Qualcuno direbbe che questo è un sintomo di paura e di arrendevolezza, a me sembra invece un intento di formare un’alleanza per fare “guerra”. Una guerra che affonda le radici persino in America. Parte della nazione, infatti, aveva già cercato di distanziarsi dalle politiche di Trump; un esempio è quello della California, che aveva dichiarato di non approvare le idee del presidente di annettere il Canada. “Non lasciate che metta zizzania tra di noi”, “ci troviamo a oltre 3.200 km da Washington e a un mondo di distanza da quella mentalità”, aveva dichiarato il governatore Gavin Newsom, che ora attacca dicendo di voler fare causa all’America.
Secondo il governatore, i dazi imposti da Trump sono illegali e “stanno creando caos per le famiglie, le imprese e l’economia, aumentando i prezzi e minacciando posti di lavoro”.
Questa battaglia legale, economica ed etica di questo passo finirà per far cadere Trump, una battaglia che, partendo dall’interno, mina l’orgoglio del presidente che ora non può più difendersi facendo faccia tosta, prendendo in giro qualcuno o dicendo di baciargli il sedere.
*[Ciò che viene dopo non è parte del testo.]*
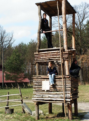 Mit Fahrrädern gewappnet war das Ziel nach einer abenteuerlich verlängerten Bahnfahrt das dortige Pfadfinderzentrum (Stanica Harcerska) “Zielona Polana” unweit des Sees Piaski. Dort angekommen empfing uns Gofry (Paweł Sobczak), der Leiter der Stanica und Gleichzeitig der Stammesführer des Stammes “3 Drużyna Wędrownicza im. Zawiszy Czarnego”. Zusammen mit seiner Gruppe, zu der jetzt auch Krystian gehört, der auch schon zu Besuch in Neudietendorf war, kümmerte dieser sich so gut um die deutschen Gäste, wie er konnte. Polnische Gastfreundschaft eben! Logisch, das die Neudietendorfer das erwiederten und so gab es nicht nur einen Wettbewerb in einem sehr beliebten polnischen Pfadfinderspiel, den die polnischen Scouts haushoch gewonnen, sondern auch gemeinsame Abende am Grill oder am Lagerfeuer. Da es in Polen keine Osterferien gibt, nutzen die Raubwürger die meisten Tage für ihr eigenes Programm. Hierzu zählten natürlich einige Fahrradhajks, der Besuch eines Schwimmbades (hier handelte es sich um ein Militärschwimmbad), eine Wanderung um den See, eine Waldläuferzeichenrally oder die Erkundung der Innenstadt von Ostrów Wlkp. Logisch, das auch das Essen selbst zubereitet werden musste. Und auch wenn die Sippe in der Halle des Pfadfinderzentrums auf Feldbetten am Lagerfeuer schlafen durfte, wurde die mitgebrachte Kohte aufgebaut, um den Gastgebern die Zelte der deutschen Pfadfinder vorzustellen. Am Rande des Abschlussabends wurde zwischen Paweł Sobczak und Hendrik Knop eine Zusammenarbeit zwischen den beiden Pfadfinderzentren in Ostrów Wlkp. und Neudietendorf vereinbahrt, die mit der Eöffnung des Pfadfinderzentrums “Fritz Riebold” in Neudietendorf starten soll. Kurze Zeit nach Pfingsten wurde die Sippe Raubwürger aufgelöst, sodaß diese Fahrt die letzte gemeinsame Aktion der Gruppe war.
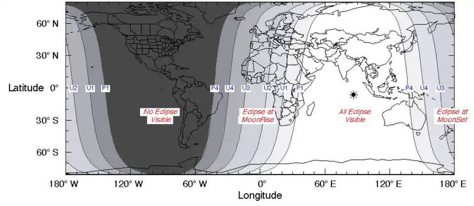 The eclipse will be completely visible over east Africa, Asia, and Australia. It can be seen when it is rising over most of Africa and Europe. It can be seen when it is setting over the central Pacific Ocean.[3]
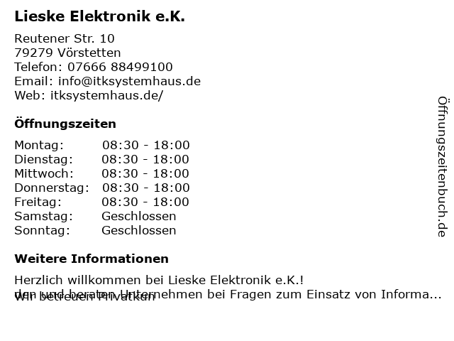 | Öffnungszeiten Lieske Elektronik e.K. in Vörstetten anzeigen | |
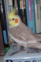 Joey is pale grey with lemon headfeathers, bright yellow crest, white flashes on wings, orange cheek spots, pale feet. His wings are not clipped.
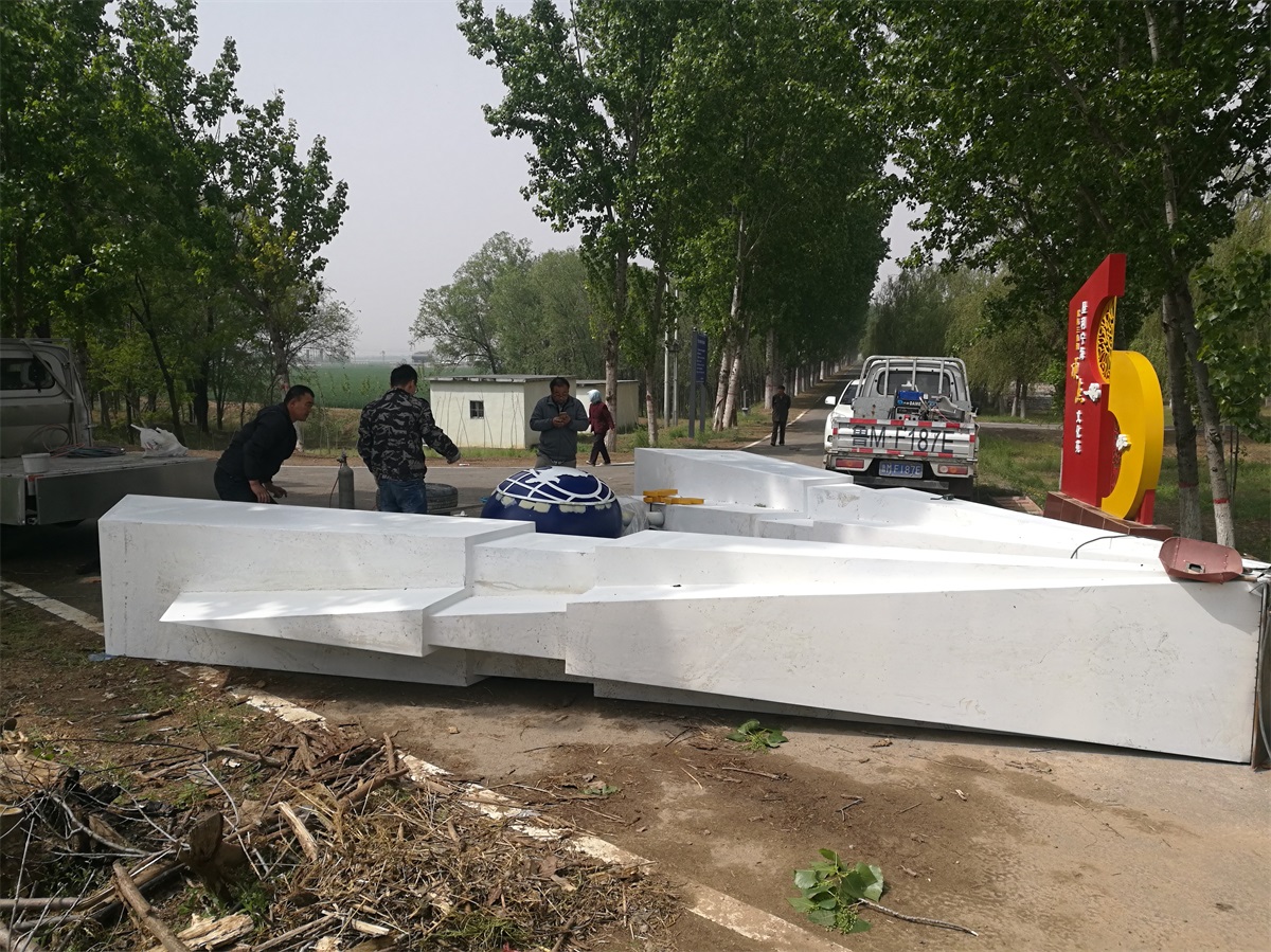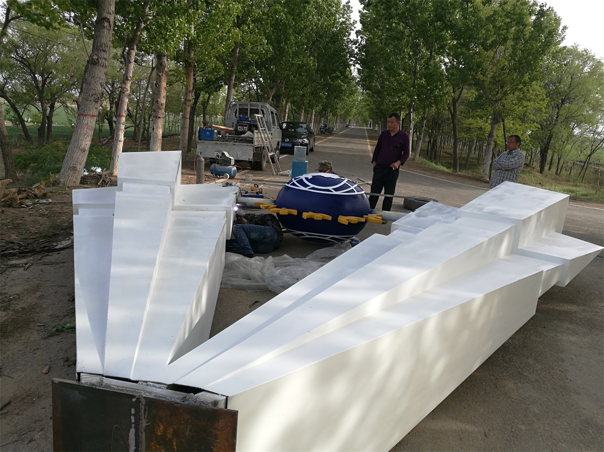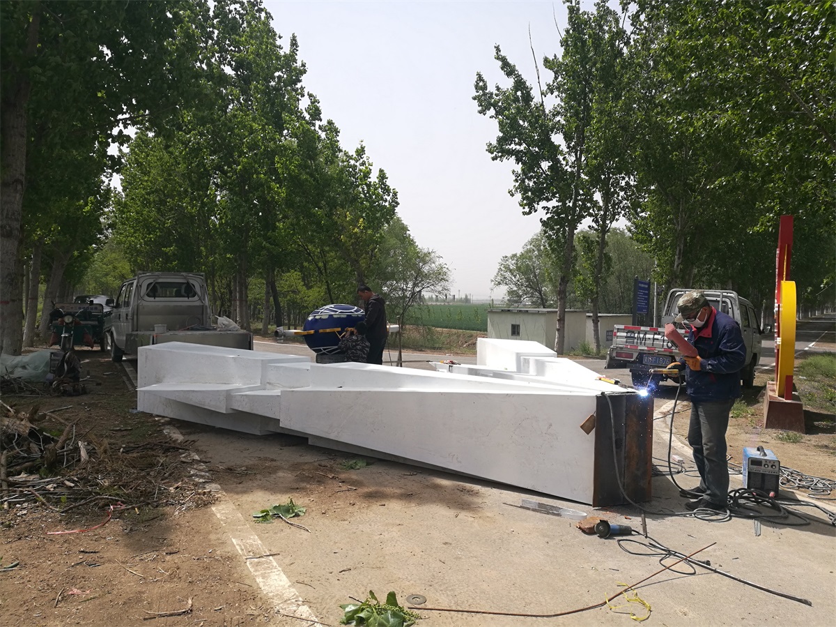 雕塑整體呈扇形構(gòu)造,代表黃河三角洲扇形外貌;兩側(cè)形似利劍,寓意治黃工作者敢于“亮劍”的拼搏精神; 中間球形,寓頂點(diǎn)之意;其上印制有黃河水利委員會標(biāo)志,圍繞十只和平鴿。寓意以治黃事業(yè)為中心、人民幸福、和平安寧、生態(tài)保護(hù)、空間均衡;主體色彩以紅、黃、藍(lán)搭配。紅色代表黨建引領(lǐng),黃、藍(lán)象征海河交匯。寓意治黃事業(yè)在中國共產(chǎn)領(lǐng)導(dǎo)下開創(chuàng)新篇章。
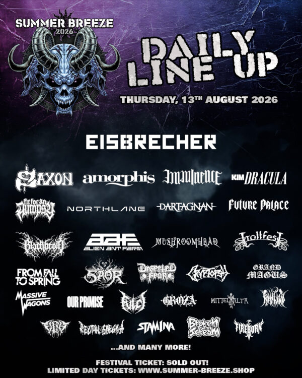 EISBRECHER, SAXON, AMORPHIS, IMMINENCE, KIM DRACULA, FIT FOR AN AUTOPSY, NORTHLANE, dARTAGNAN, FUTURE PALACE, BLACKBRAID, ALIEN ANT FARM, MUSHROOMHEAD, TROLLFEST, SAOR, FROM FALL TO SPRING, DESERTED FEAR, CRYPTOPSY, GRAND MAGUS, MASSIVE WAGONS, OUR PROMISE, FULCI, GROZA, MITTEL ALTA, NYTT LAND, FILTH, RECTAL SMEGMA, STAM1NA, BROKEN BY THE SCREAM, FIREBORN
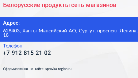 Белорусские продукты, сеть магазинов по адресу 628403, Ханты-Мансийский АО, Сургут, проспект Ленина, 18 в дальнейшем Организация, размещена в следующих категориях:

Il resto del mondo sta iniziando a fare sul serio e a metterlo alle strette; il suo modo di fare e la sua prepotenza, che lo hanno fatto eleggere, non possono funzionare ancora per molto. Ma dubito che ora il presidente si tiri indietro dopo essere arrivato a questo punto: sarebbe già una sconfitta, non resta che vedere come si risolva la questione. Intanto, la presidente Giorgia Meloni, grazie ai suoi rapporti con gli Stati Uniti, sembra avere assunto il ruolo di tramite tra l’Europa e l’America, anche se l’idea che l’Italia si schieri anche in minima parte con Trump mi preoccupa.